IGNORING sex and gender differences in medical research has the potential to compromise accuracy and put patients at risk, and Australia lags behind other countries in instituting policies and practices which require the integration of sex and gender analyses in grants and journal publications, according to the authors of a Perspective published online today by the Medical Journal of Australia.

“Historically and consistently across a broad-range of health domains, data have been collected from men and generalised to women,” wrote the authors, led by Dr Zoe Wainer, Head of Public Health and Medical Director at Bupa, and Dr Cheryl Carcel, Clinical Research Fellow at the George Institute for Global Health at UNSW Sydney.

“Failure to appreciate the differences between and across the sex and gender spectrum risks compromising the quality of care and increasing costs due to inappropriate allocation of resources.”

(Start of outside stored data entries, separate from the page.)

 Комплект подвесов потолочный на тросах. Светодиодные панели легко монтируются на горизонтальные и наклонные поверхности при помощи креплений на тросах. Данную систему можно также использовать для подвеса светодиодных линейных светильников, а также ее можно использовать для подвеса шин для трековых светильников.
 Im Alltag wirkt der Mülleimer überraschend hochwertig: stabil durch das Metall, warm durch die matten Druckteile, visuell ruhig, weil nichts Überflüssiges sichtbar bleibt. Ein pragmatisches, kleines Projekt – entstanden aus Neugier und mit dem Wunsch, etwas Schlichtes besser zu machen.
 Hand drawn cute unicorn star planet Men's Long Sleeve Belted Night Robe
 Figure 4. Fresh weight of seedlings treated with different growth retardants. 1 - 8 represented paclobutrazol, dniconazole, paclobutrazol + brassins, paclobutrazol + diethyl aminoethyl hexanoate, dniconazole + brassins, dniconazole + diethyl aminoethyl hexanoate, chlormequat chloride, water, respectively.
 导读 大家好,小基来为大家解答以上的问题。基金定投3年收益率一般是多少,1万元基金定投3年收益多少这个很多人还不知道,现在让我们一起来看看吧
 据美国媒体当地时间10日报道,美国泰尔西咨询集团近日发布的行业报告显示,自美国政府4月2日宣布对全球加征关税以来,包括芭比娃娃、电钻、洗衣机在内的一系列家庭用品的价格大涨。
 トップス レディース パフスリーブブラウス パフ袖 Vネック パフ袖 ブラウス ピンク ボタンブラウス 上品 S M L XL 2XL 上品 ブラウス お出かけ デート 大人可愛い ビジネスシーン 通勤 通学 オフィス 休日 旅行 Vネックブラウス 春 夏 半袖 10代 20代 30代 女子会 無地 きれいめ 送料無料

A growing number of countries, including the United States, Canada, Ireland and Germany, have introduced policies and practices that require the integration of sex and gender analyses in competitive research grants and publications in journals. In the US, for example, three organisations have been key contributors:

  • the Organization for the Study of Sex Differences (www.ossdweb.org), which enhances knowledge of sex and gender analyses in health by facilitating interdisciplinary communication and collaboration among scientists and clinicians;
  • the International Society of Gender Medicine (www.isogem.eu), which connects national and professional societies dedicated to the study of sex- and gender-specific differences in health; and
  • Gendered Innovations in Science, Health and Medicine, Engineering, and Environment (Stanford University and the European Commission; http://genderedinnovations.stanford.edu), which provides tools and training to enable clinicians, researchers and policy makers to understand and undertake sex and gender research.

The Canadian Institutes of Health Research requires all grant applicants to respond to mandatory questions about sex and gender in research proposals. They also provide online training modules on sex and gender in biomedical research for scientists and peer reviewers. In the UK, The Lancet has “published a commentary on editorial policies with respect to sex and gender analyses that proposed guidelines for medical journals, including accurate use of sex and gender terms and reporting of sex, gender or both in study participants and the sex of animals and cells”.

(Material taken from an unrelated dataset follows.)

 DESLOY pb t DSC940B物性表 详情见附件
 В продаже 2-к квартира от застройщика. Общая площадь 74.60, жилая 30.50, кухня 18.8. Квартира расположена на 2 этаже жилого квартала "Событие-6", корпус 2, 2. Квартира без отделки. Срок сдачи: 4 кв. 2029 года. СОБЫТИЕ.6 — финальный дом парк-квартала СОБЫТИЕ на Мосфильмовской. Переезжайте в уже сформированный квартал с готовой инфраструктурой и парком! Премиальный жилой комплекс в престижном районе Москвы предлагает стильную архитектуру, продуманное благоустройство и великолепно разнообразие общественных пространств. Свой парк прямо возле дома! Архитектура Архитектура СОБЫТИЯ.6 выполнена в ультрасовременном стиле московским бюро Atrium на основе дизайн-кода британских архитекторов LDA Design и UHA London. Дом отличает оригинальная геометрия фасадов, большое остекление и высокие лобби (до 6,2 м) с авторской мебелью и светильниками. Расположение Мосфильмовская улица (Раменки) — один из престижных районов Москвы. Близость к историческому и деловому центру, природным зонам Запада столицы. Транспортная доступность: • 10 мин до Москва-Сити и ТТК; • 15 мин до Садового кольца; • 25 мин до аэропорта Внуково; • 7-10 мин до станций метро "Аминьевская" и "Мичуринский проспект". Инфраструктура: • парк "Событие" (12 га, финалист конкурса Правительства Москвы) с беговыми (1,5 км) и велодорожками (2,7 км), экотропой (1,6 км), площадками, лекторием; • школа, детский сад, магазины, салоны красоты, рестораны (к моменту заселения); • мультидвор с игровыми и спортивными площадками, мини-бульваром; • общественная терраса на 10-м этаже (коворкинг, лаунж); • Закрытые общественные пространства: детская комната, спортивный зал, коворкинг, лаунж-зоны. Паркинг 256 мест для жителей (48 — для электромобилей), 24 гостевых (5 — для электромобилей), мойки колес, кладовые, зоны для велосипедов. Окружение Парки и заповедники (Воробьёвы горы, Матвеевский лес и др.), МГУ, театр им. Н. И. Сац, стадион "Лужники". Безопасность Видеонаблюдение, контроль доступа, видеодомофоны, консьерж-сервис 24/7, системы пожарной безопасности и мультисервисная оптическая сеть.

In Australia, the National Health and Medical Research Council (NHMRC) and Diabetes Australia have policies on the collection, analysis or reporting of sex- and gender-specific health data. However, only the NHMRC specifically recommended the analysis and reporting of sex- and gender-specific data. Four of the 10 Australian journals interviewed by the authors “did not have policies on the collection, analysis and reporting of sex- and gender-specific health data”. Six of the 10, including the MJA, indicated they either followed the reporting guidelines of the International Committee of Medical Journal Editors or the Animal Research: Reporting of In Vivo Experiments guidelines.

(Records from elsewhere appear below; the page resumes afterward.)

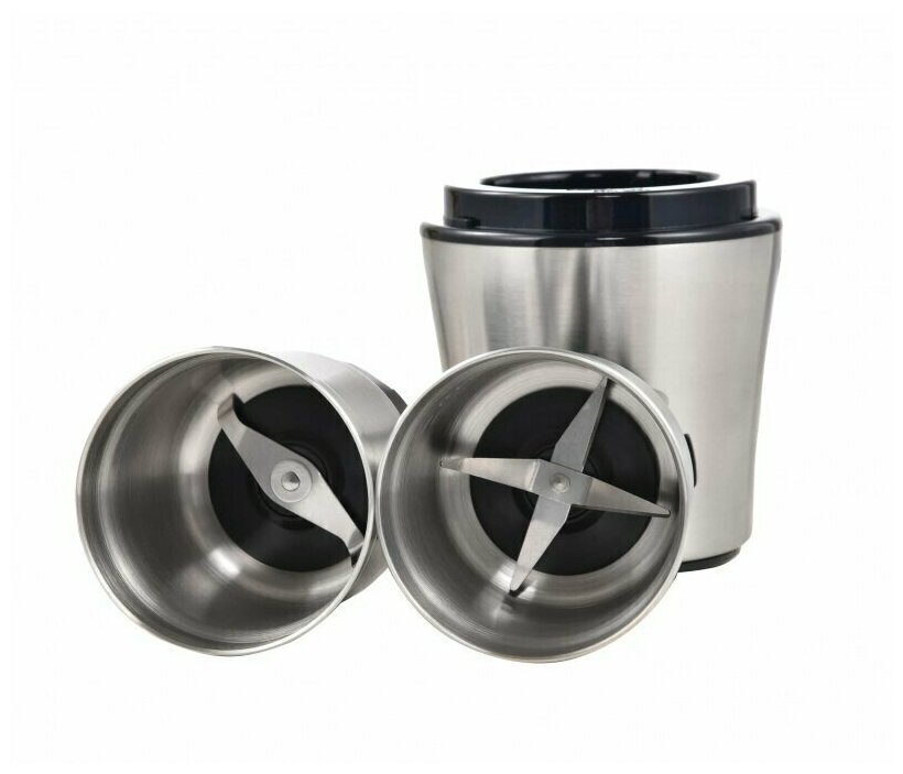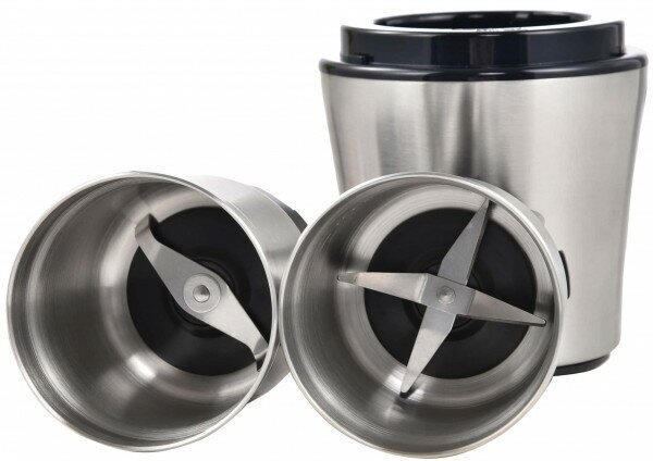 | Плюсы: | Только приобрела. Очень понравился своим дизайном и функционалом. Одним прибором решаются задачи измельчения кофе и любых других сыпучих продуктов. При этом, есть два варианта измельчения за счет 2х чаш и ножей. Поменял чашу и все. Звук при работе прибора умеренный. В работе простой и практичный. Легко мыть за счет съемных чаш. Компактный при хранении. |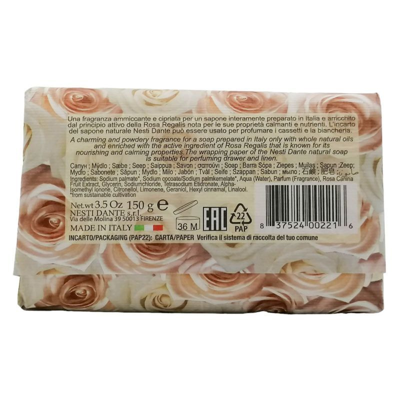 Sodium palmate, Sodium cocoate, Sodium palmkernelate, Aqua, Parfum, Rosa Canina Fruit Extract, Glycerin, Sodium Chloride, Tetrasodium etidronate, Pentasodium Pentetate, Alpha Isomethyl Ionone, Benzyl Salicylate, Hexyl Cinnamal, Hydroxycitronellal .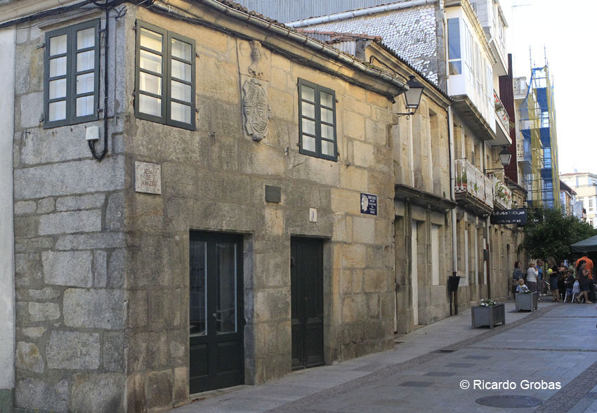 dos casas después, la de Dieste, con una placa y un escudo en la fachada.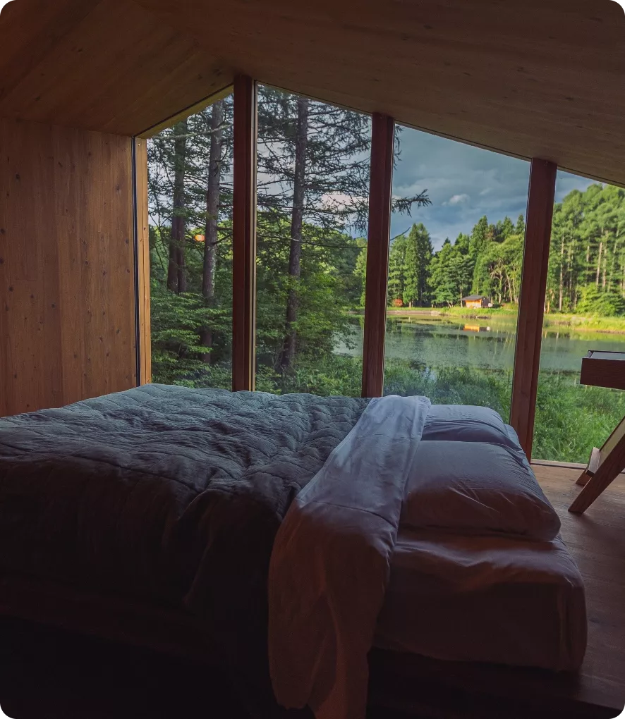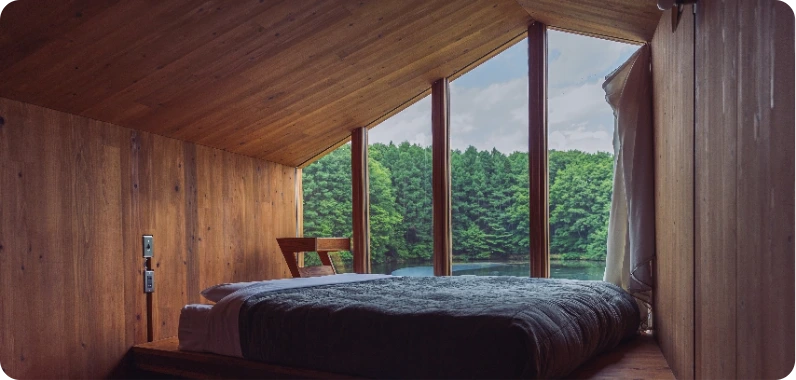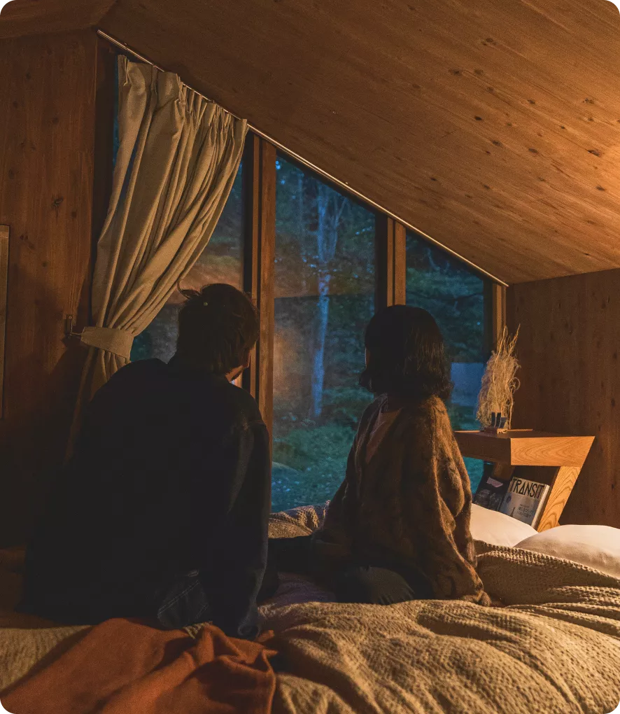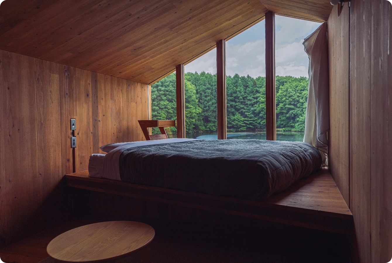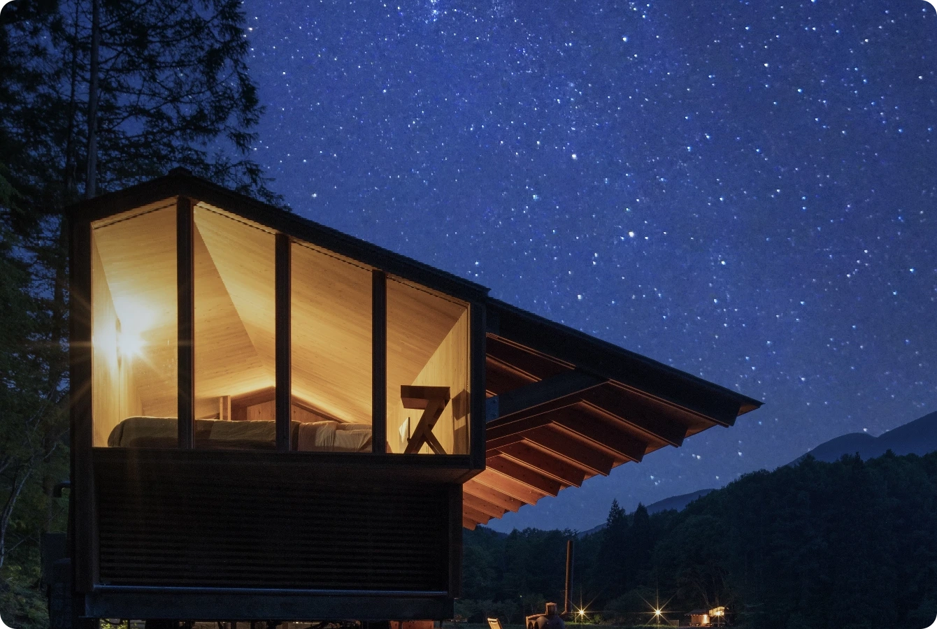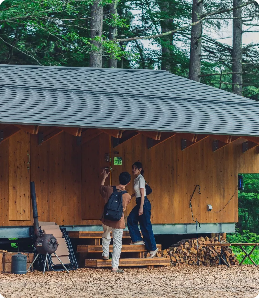 客棟はHut、Cave(白樺湖のみ)の2タイプございます。

Wainer and Carcel and colleagues made a raft of recommendations, including:

  • University and other higher education ethics committees should ensure that implementation of sex and gender analyses in research is managed as an ethical issue;
  • The Council of Presidents of Medical Colleges should ensure that medical colleges include evidenced-based sex and gender integration in clinical guidelines, requirements for funding for research, training and professional development;
  • The Therapeutic Goods Administration should require all new applications for registration to address sex and gender differences;
  • all federal and state health departments and agencies align their data collection practices with the Australian Government guidelines on the recognition of sex and gender and the Australian Bureau of Statistics Standard for Sex and Gender Variables;
  • The NHMRC Australian Health Ethics Committee should review content relating to sex and gender in the National Statement on Ethical Conduct in Human Research and revise as required to ensure that the implementation of sex and gender analyses in research is managed as an ethical issue;
  • Health funding bodies including the Independent Hospital Pricing Authority and Medicare should consider sex and gender analyses in cost-weighting calculations;
  • The Australian Commission on Safety and Quality in Health Care should undertake to include integration of sex and gender data collection and analyses in guidelines for Clinical Quality Registries and ensure adherence to practice according to clinical guidelines, where sex and gender differences occur in accreditation standards;
  • The Medical Research Future Fund, the NHMRC, and other federal and state government health funders, as well as the National Heart Foundation of Australia, Cancer Council Australia, Diabetes Australia, and other health-related, not-for-profit funders and researchers should promulgate the development of policies and practices, requiring consideration be given to the inclusion of sex and gender analysis, or demonstrate why it is not required, and guidelines to address the implementation of sex- and gender-specific clinical care and health promotion and prevention;
  • Funders should develop a funding pool to cover the extra costs associated with including sex- and gender-specific analyses and they should make funding available to train researchers and clinicians in how to undertake research that includes comprehensive sex and gender analyses;
  • Australian-based, peer-reviewed journal editors should develop and monitor the implementation of policies to ensure researchers include sex and gender in reporting of research;
  • Health industry stakeholders, such as pharmaceutical companies and medical device companies, should ensure that all new products are developed, consistent with US Food and Drug Administration regulatory policies, requiring the involvement of both males and females in clinical trials and the integration of sex and gender analyses.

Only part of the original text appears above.